Interestingly, through the study guide I learned that Tolkien probably drew inspiration from Shakespeare’s play to create the character Fangorn: the mobile Ents join the Fellowship to fight against the good-turn-evil wizard Saruman in Isengard, just as Macbeth imagines the woods moving all the way from Birnam as the witches have profesied, per his soliloquy at the end of Act 5, Scene 5 of Shakespeare’s tragedy
Macbeth.
Another interesting inspiration is hidden behind a brief passage, in which Frodo, Sam, and Gollum stumble upon a great, headless ancient stone King of Agornath, whose head is on the ground and crowned with a flower wreath.

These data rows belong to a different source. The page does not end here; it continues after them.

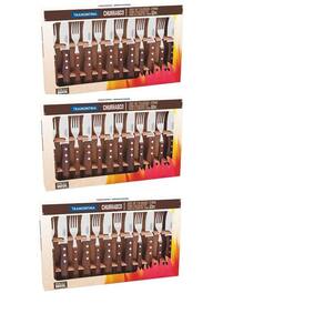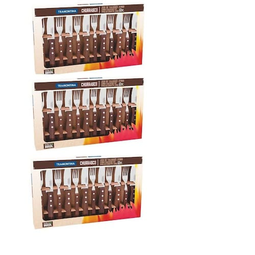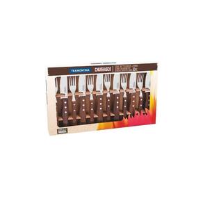 Kit Churrasco 36 Peças Jumbo Tramontina Garfo Faca 22299/059 Conteúdo: 18 - Facas para churrasco Jumbo 5 18 - Garfos Jumbo Descrição: O churrasqueiro é sempre o último a sentar à mesa. Mas para garantir que os convidados também tratem o assado com respeito, nada melhor do que escolher os talheres certos para isso. A linha Churrasco da Tramontina tem cabos de madeira, que resistem ao tempo e à umidade, e lâminas em aço inox para garantir o corte perfeito das carnes. Lâminas de aço inox. Cabos de madeira natural. Rebites de alumínio. Antes da primeira utilização, lave bem as peças e seque-as. Tenha cuidado ao manusear produtos cortantes e perfurantes e mantenha-os fora do alcance de crianças. Para maior durabilidade dos produtos, recomenda-se secar bem antes de guardar. Para descarte dos produtos e embalagens siga as orientações de reciclagem vigentes. EAN13: 7898673650249 DUN14: 17891112214900 NCM: 8215.20.00 Peso Líquido: 0,8800 kg. Peso Bruto: 1,1450 kg. Metragem: 0,004806 m Dimensões Embalagem Compr. X Larg. X Alt. : 445x 270x 40 mm. Dimensões Produto Compr. X Larg. X Alt. : 445x 270x 40
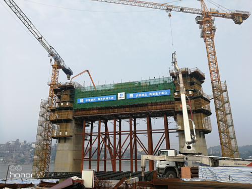 9月15日,泸州长江二桥顺利完成西岸索塔下横梁混凝土浇筑。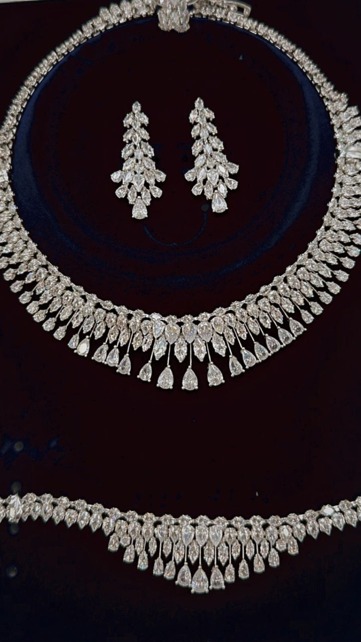 طقم 110 زركون لون فضي 4 قطع مع علبة فخمة . اشتري طقم واستلمي طقم هدية
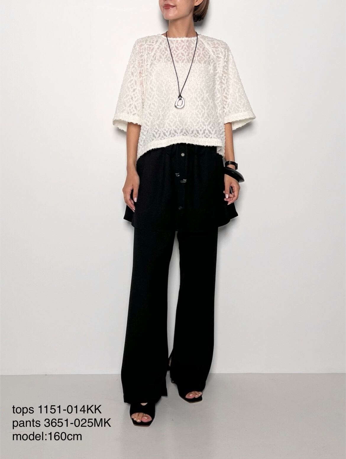 短丈のアイテムとも相性が良く、お尻回りも隠れ、ウエストもイージーで楽にご着用いただけます。

It's said that Tolkien's inspiration came from
Ozymandias, one of the few poems that I know and love, famously composed by the British Romantic poet, Percy Shelley, and I can't help quoting it here:
I met a traveller from an antique land
Who said: Two vast and trunkless legs of stone
Stand in the desart. Near them, on the sand,
Half sunk, a shattered visage lies, whose frown,
And wrinkled lip, and sneer of cold command,
Tell that its sculptor well those passions read
Which yet survive, stamped on these lifeless things,
The hand that mocked them and the heart that fed:
And on the pedestal these words appear:
"My name is Ozymandias, King of Kings:
Look on my works, ye Mighty, and despair!"
No thing beside remains. Round the decay
Of that colossal wreck, boundless and bare
The lone and level sands stretch far away.
— Percy Shelley, "Ozymandias", 1819 edition
Elsewhere, through extensive reading I learned that the major inspiration of Tolkien's epic works come from
Beowulf, an Old English epic poem in the tradition of Germanic heroic legend, consisting of 3,182 alliterative lines, and one of the most important works of Old English literature.
Tolkien also drew inspiration from Camelot, the legendary castle and court in Arthurian mythology (
The Matter of Britain). I haven't read either one yet, and it may be a good idea to include both in my future book orders.
Finally, I want to end my post with this map, ingeniously created by Tolkien and reproduced for better sizing with the paper version of the book. It illustrates the geography and the places the Fellowship journeys through in this volume, including Rohan, Gondor, and Mordor, as well as the namesake Two Towers: Minas Morgul in Mordor and Orthanc in Isengard (not shown but to the left of Rohan).
What a journey with The Two Towers! I look forward to my next journey with Tolkien: The Return of the King.